Un nez, deux yeux, un cerveau…

Un peu fatiguée ce matin en partant à pied pour mon atelier de travail, j’ai pris gaiement un chemin que j’aime bien car je traverse un petit parc avec vue sur l’Ardèche tout en profitant du plaisir de la nature environnante. En arrivant vers un carrefour, j’ai senti des odeurs désagréables de poubelles et quand j’ai débouché sur la rue, mon sens olfactif particulièrement sensible s’est affolé, attisé également par ma rétine fixant le camion-poubelle. Il n’a pas fallu plus d’une seconde à mon esprit pour évaluer l’inconfort produit et le fait que je n’allais pas pouvoir le dépasser et que ces multiples arrêts nous garderaient à proximité quasiment jusqu’au point d’arrivée, que j’avais déjà fait demi-tour. Stratégie d’évitement ! Facile, confort quasi immédiat, juste le temps de faire quelques pas pour que l’odeur disparaisse.

C’est là que j’ai pris conscience que je n’avais pas vraiment choisi, que je m’étais laissée mener par mon cerveau très pragmatique et faut bien l’avouer, très efficace !

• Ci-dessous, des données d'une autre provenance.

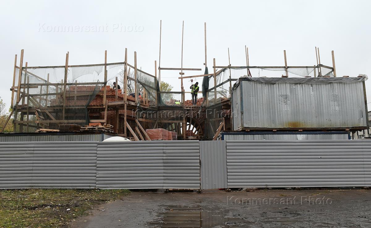 Виды Санкт-Петербурга. Поврежденный памятник архитектуры Александровские ворота на берегу реки Охта.…

Alors je me suis posée la question, ne vaudrait-il pas mieux que je choisisse de reprendre mon 1er trajet pour tester mes limites et continuer à apprendre de mes observations en situation d’inconfort ? Cela serait très intéressant, j’en suis certaine. J’ai finalement décidé de continuer sur la voie facile, mais c’était mon choix du jour. 

Un autre jour, d’autres circonstances, auraient peut-être produit un choix différent. Il n’y a pas de bon ou mauvais choix.

S’observer, comprendre ses comportements, ses émotions, ses stratégies de coping… une clé importante pour s’accepter, s’aimer et mieux s’auto-réguler.